Be Your Own Pet must inspire a lot of jealousy among their peers.

While other teenagers get rubbish supermarket jobs and panic about exams, the Nashville punk four-piece were rocking out with Sonic Youth's Thurston Moore, supporting The Kills and getting record deals. All while making time for traditional youthful pursuits like riding bikes, parties and food-fights.

They released their eponymous debut album in 2006 - a joyfully chaotic, noisy combination of fuzzy guitars and crashing drums, topped with riot grrrl protegee Jemina Pearl howling about drowning her boyfriend, burning people's houses down and zombies. Example: "I want a kitty cat/ my boyfriend wants a dog/ we got into a fight/ I drowned him in the bog/ I'm sorry/ I'm not sorry!"

Two years on and now in their early-20s, the band - Pearl, Jonas Stein, Nathan Vasquez and John Eatherly - have lost none of their childish energy, but have slightly more experience to inform the music.

Latest release Get Awkward - a title inspired by their growing pains as a group - sees more variety in the feel and pace of the songs.
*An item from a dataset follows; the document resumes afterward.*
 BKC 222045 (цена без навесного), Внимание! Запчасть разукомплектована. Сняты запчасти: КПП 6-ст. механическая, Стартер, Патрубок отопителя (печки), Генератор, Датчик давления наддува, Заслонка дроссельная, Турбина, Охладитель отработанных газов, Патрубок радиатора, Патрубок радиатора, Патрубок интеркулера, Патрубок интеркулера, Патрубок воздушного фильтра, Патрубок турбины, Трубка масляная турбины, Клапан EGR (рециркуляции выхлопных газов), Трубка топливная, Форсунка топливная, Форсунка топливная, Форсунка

There's the grumpy, teenage nihilism of Black Hole, Beyond The Valley of the Dolls-tribute The Kelly Affair and even a foray into something more disconcerting.
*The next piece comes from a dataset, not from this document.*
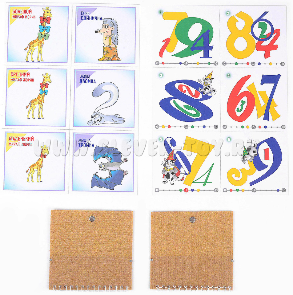 - 48 картонных карточек (105х100 мм): 24 игровых с цифрами (от 1 до 9), 24 призовых, обозначающих цвет, размер, положение (предлог),

See Creepy Crawl, where Pearl sings: "I'm not the girl that I was before/ Feel like I'm lying each time I walk through the door."

"The first time we were recording was scary," Pearl says of making their debut, "The band was reluctant to tamper with proven formulae. Dead set against it, actually.
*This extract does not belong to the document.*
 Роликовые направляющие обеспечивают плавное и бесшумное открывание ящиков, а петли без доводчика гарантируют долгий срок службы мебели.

"Try a slow song? No way. That's not what we do! But you realise, doing other things doesn't make you less true to yourself.

"So this time we were trying to mix it up and have more variety, rather than just be attack-attack-attack, the whole way through."

The album also demonstrates the band expanding their conception of what punk is. They realised, Pearl says, there were no hard-and-fast rules they had to conform to.

"When you're younger, you have this specific idea of punk," she says. "If you don't do this, or look like that, then you're not punk. Screw that. The Stooges featured sax improvisation. The Ramones sang love songs. There are no rules.

"But sometimes you forget, because you're trying to fit into the mould you think you're supposed to.

"This time, we broke out and did what came more naturally."